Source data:
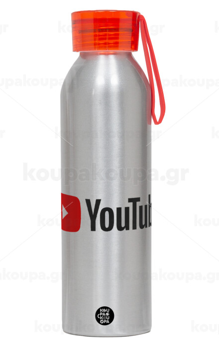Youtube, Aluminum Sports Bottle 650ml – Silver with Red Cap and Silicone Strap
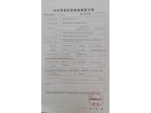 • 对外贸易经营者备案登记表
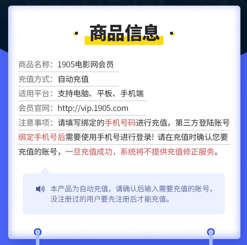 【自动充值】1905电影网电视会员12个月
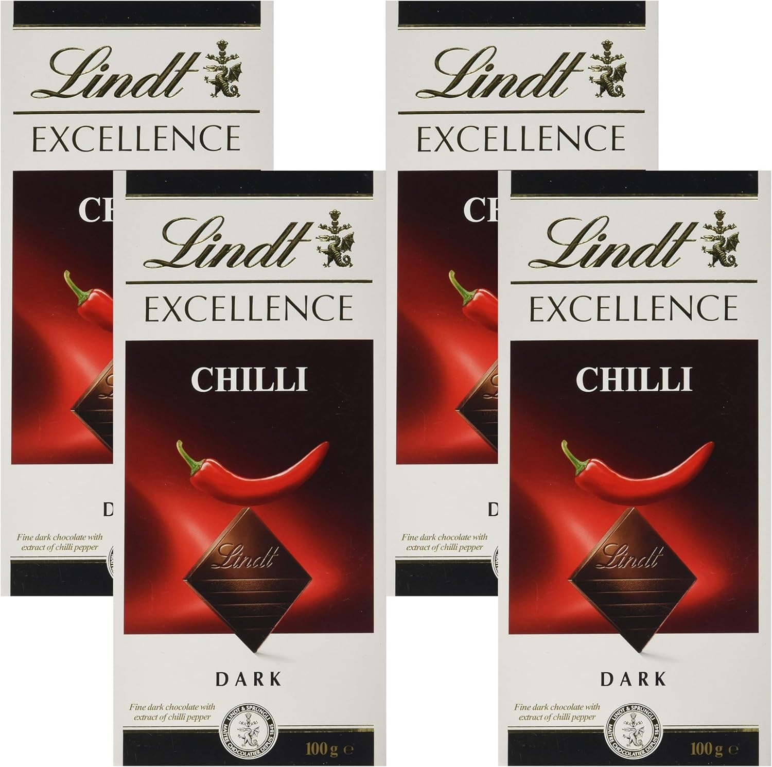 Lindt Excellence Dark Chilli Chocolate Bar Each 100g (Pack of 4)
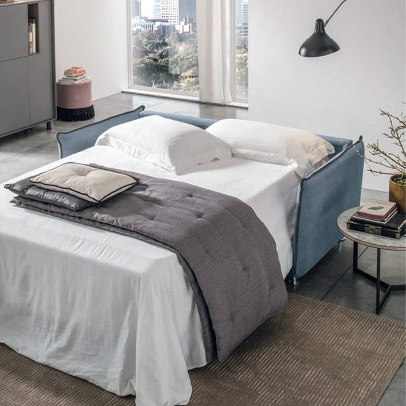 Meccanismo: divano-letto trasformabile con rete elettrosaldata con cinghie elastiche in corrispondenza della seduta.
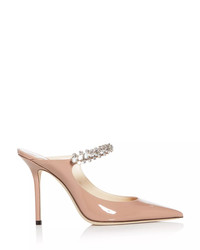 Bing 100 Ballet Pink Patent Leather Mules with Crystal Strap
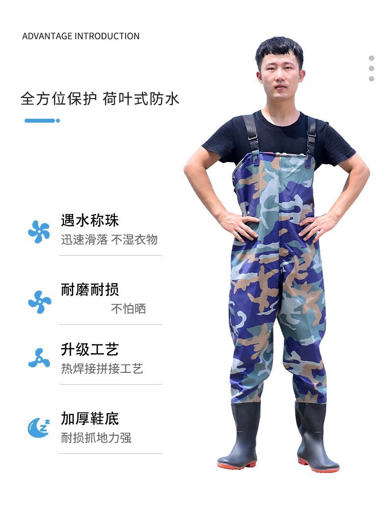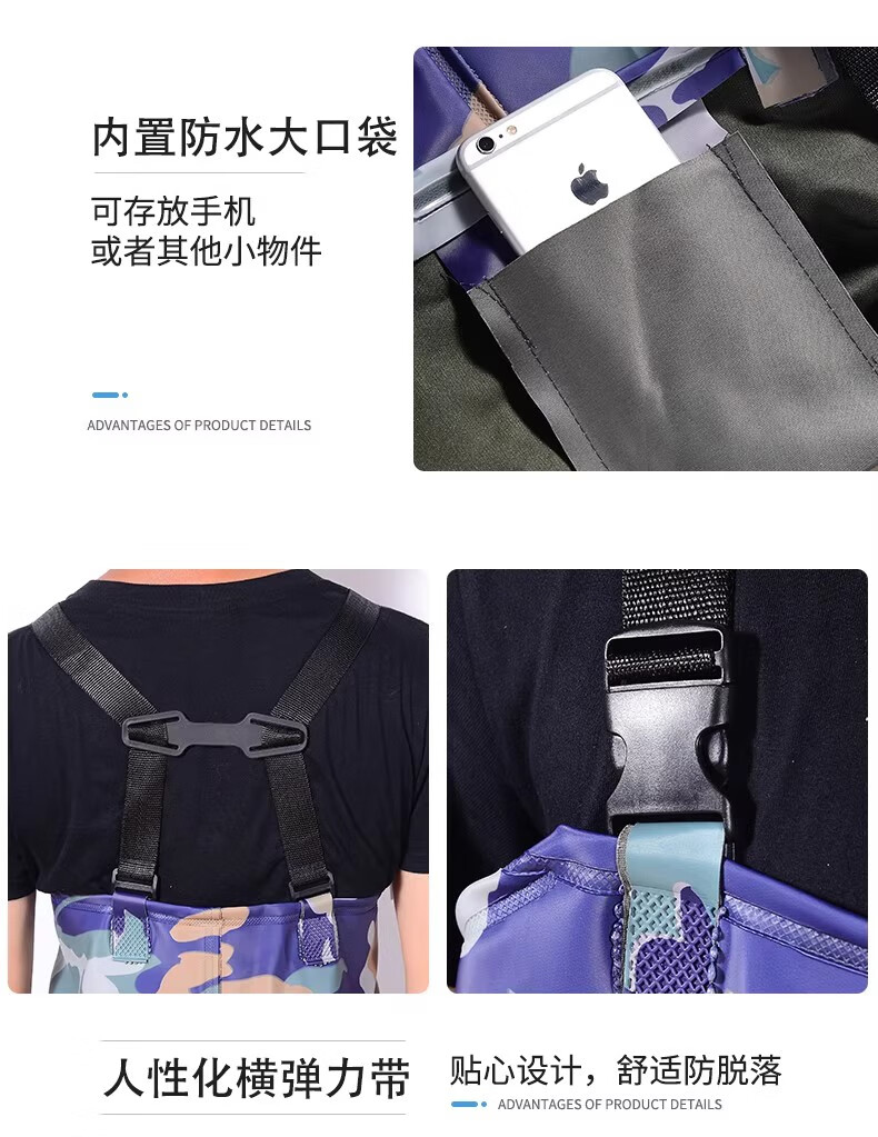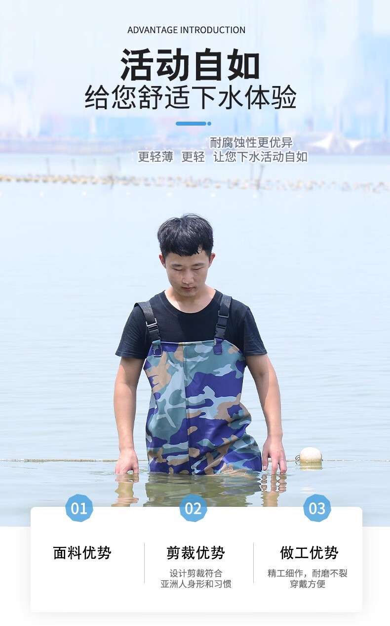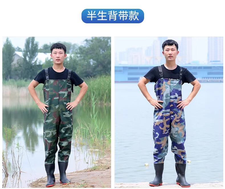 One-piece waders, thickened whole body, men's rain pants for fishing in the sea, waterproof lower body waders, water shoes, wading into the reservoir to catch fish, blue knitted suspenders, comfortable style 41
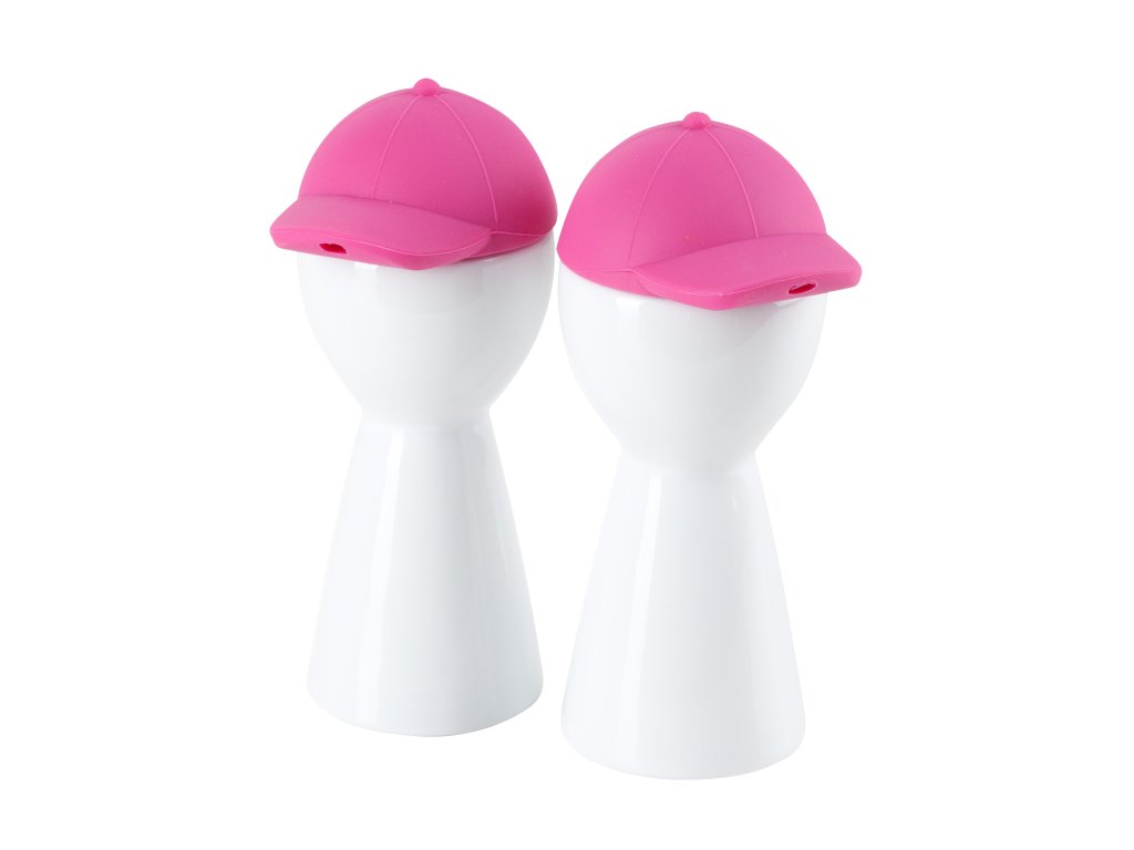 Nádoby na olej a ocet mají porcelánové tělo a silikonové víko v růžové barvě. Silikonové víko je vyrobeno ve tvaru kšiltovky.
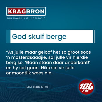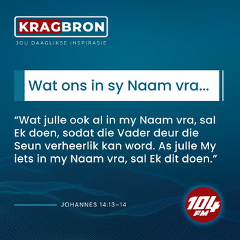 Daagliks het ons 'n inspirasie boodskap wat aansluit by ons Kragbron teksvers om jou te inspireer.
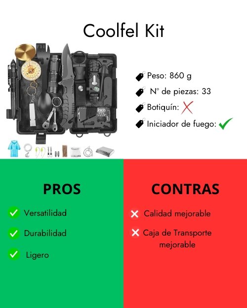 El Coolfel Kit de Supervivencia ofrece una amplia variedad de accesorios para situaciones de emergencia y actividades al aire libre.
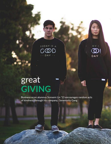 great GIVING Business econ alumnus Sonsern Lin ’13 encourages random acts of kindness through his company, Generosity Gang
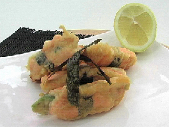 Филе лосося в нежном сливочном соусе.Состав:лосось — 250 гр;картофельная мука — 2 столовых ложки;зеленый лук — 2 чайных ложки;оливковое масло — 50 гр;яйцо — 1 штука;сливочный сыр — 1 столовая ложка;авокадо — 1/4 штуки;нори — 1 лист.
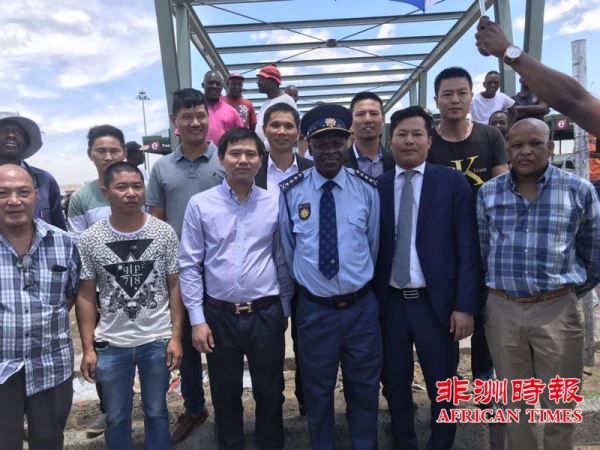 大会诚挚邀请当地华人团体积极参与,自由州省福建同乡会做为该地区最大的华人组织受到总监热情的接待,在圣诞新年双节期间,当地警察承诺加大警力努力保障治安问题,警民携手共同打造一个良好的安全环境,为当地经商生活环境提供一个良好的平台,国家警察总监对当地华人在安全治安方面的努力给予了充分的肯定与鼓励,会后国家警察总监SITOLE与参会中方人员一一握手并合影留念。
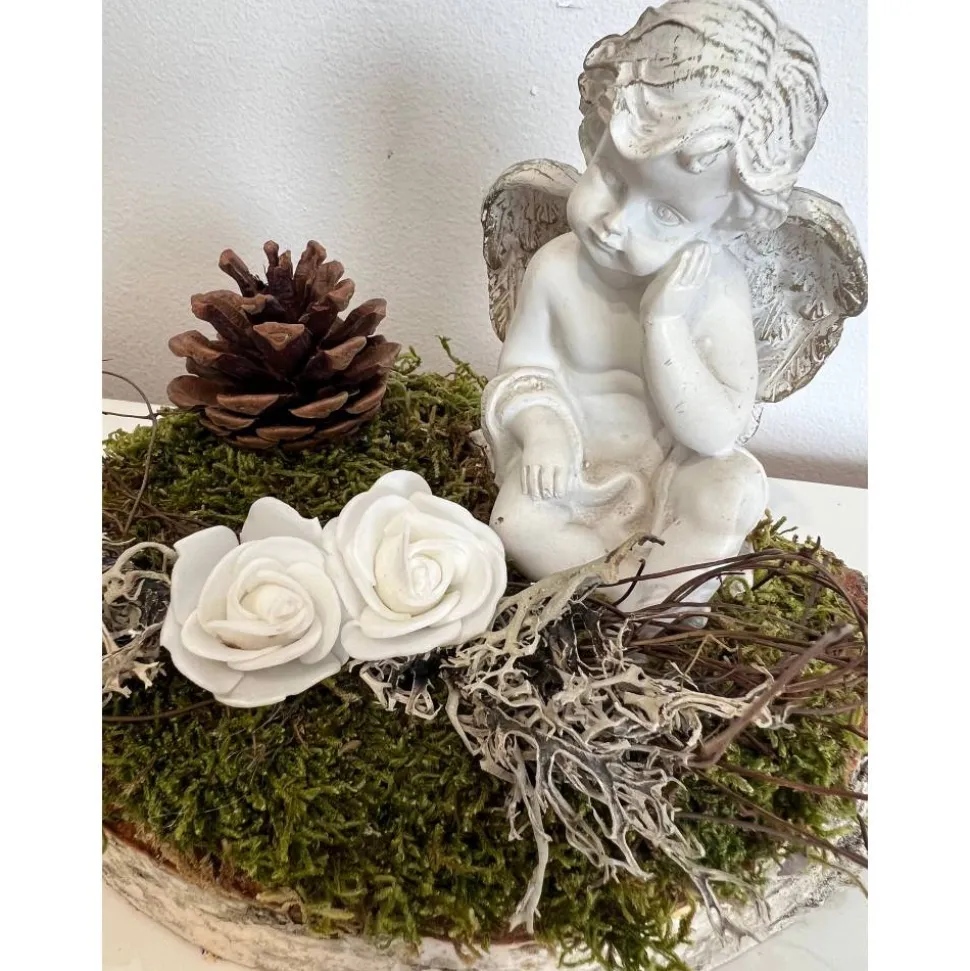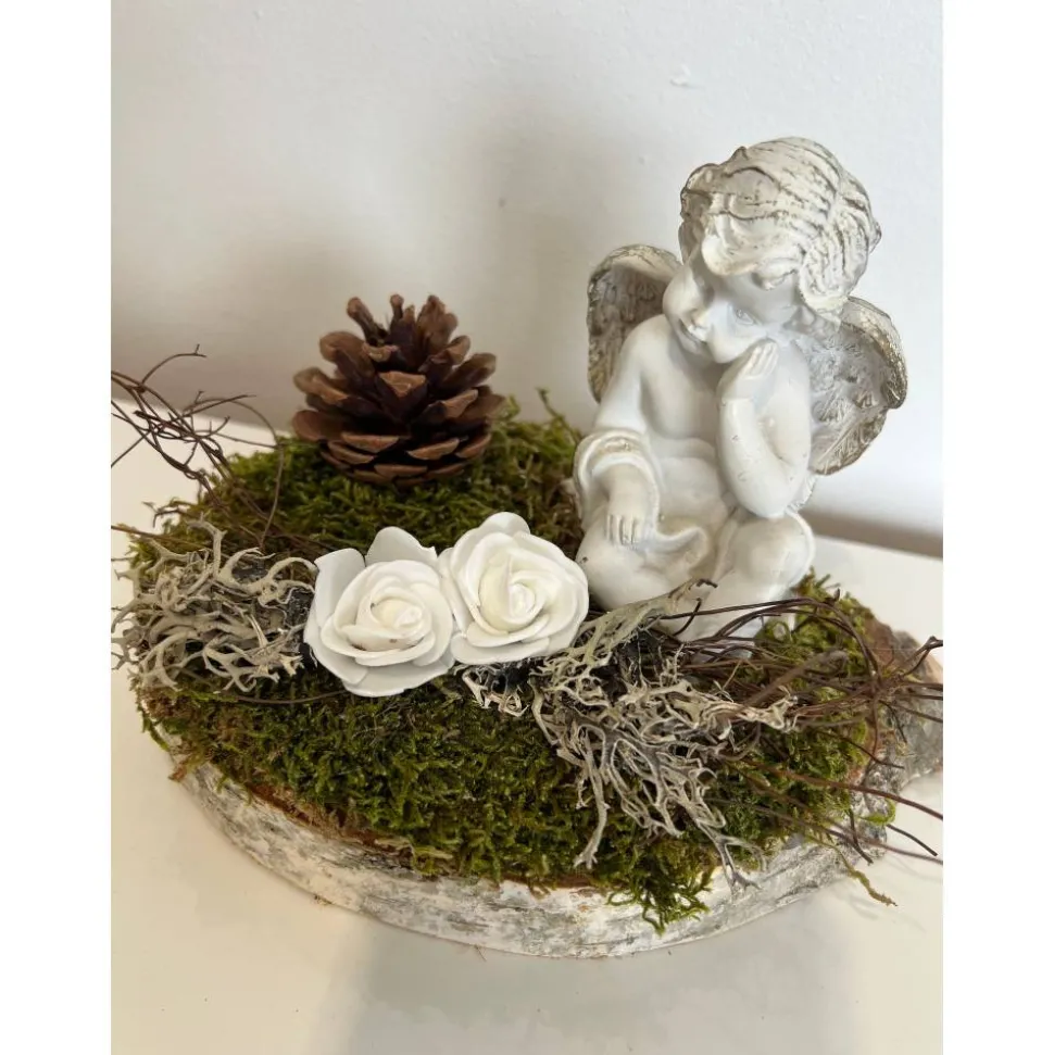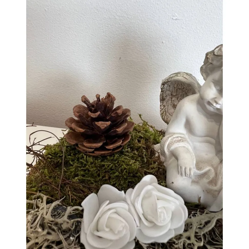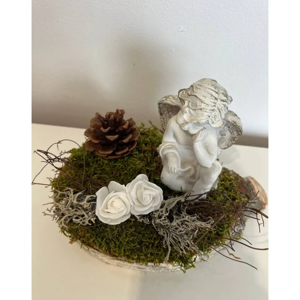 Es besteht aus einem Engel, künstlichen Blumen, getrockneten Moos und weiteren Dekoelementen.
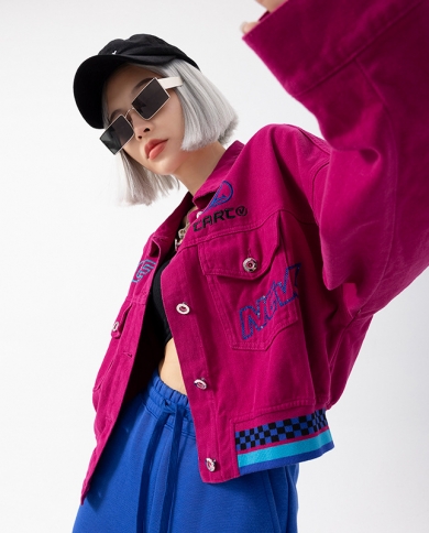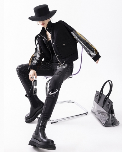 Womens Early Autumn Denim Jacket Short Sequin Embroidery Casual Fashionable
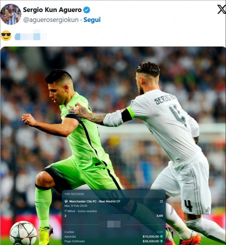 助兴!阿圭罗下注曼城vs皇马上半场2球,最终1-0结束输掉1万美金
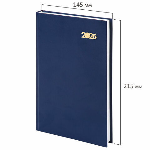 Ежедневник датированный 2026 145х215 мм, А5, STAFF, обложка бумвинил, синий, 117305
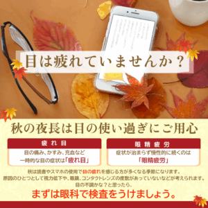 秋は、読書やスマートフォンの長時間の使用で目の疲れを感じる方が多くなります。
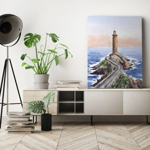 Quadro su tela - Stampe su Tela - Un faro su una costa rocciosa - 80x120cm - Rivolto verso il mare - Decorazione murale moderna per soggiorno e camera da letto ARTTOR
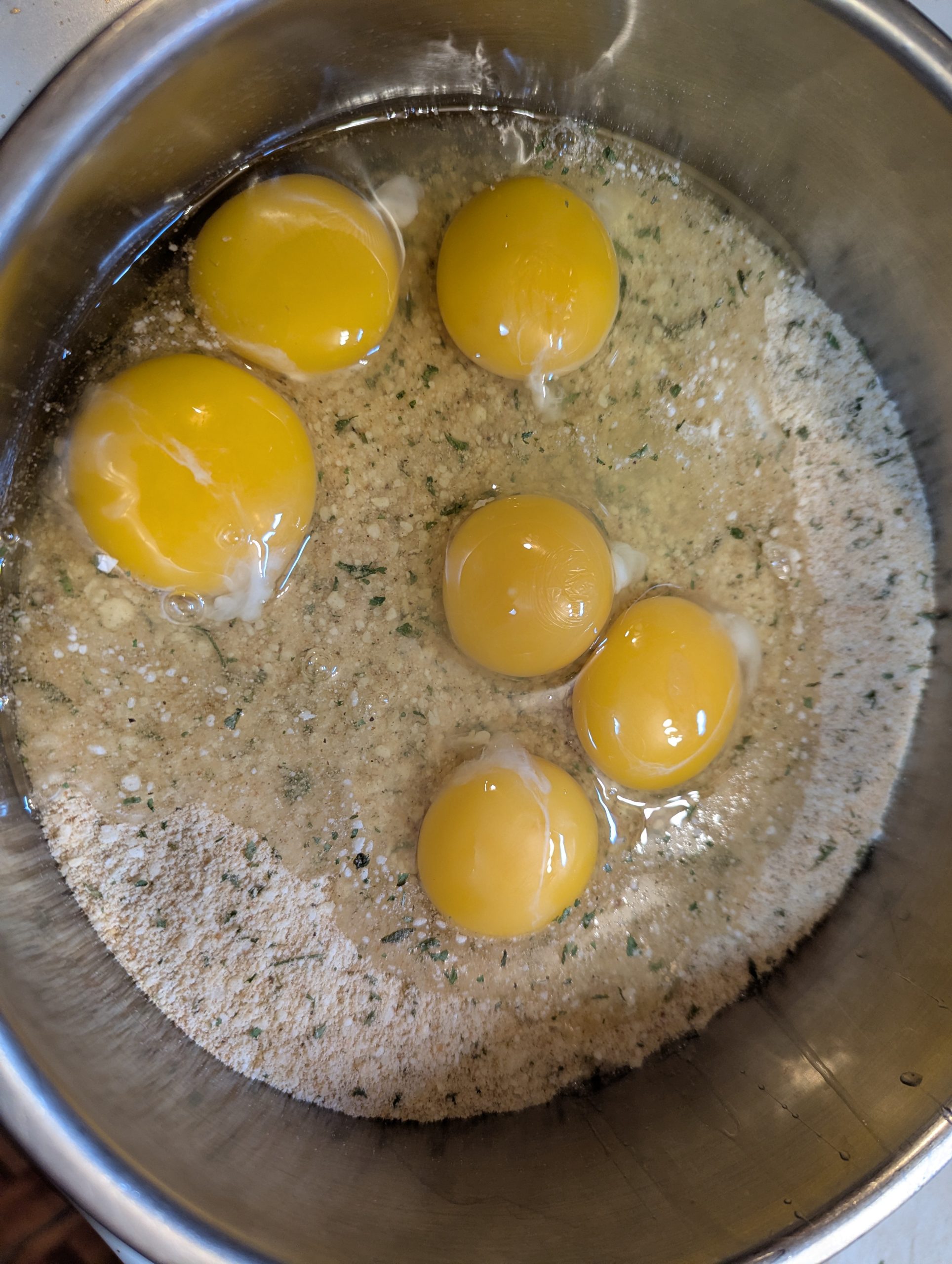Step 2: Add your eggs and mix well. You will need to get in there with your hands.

■ **Task statement**
Please transcribe exactly the lines from the one containing "Quadro su tela" through the last line of the records above, both included, and leave out every picture.

■ **Written response**
 Quadro su tela - Stampe su Tela - Un faro su una costa rocciosa - 80x120cm - Rivolto verso il mare - Decorazione murale moderna per soggiorno e camera da letto ARTTOR
Step 2: Add your eggs and mix well. You will need to get in there with your hands.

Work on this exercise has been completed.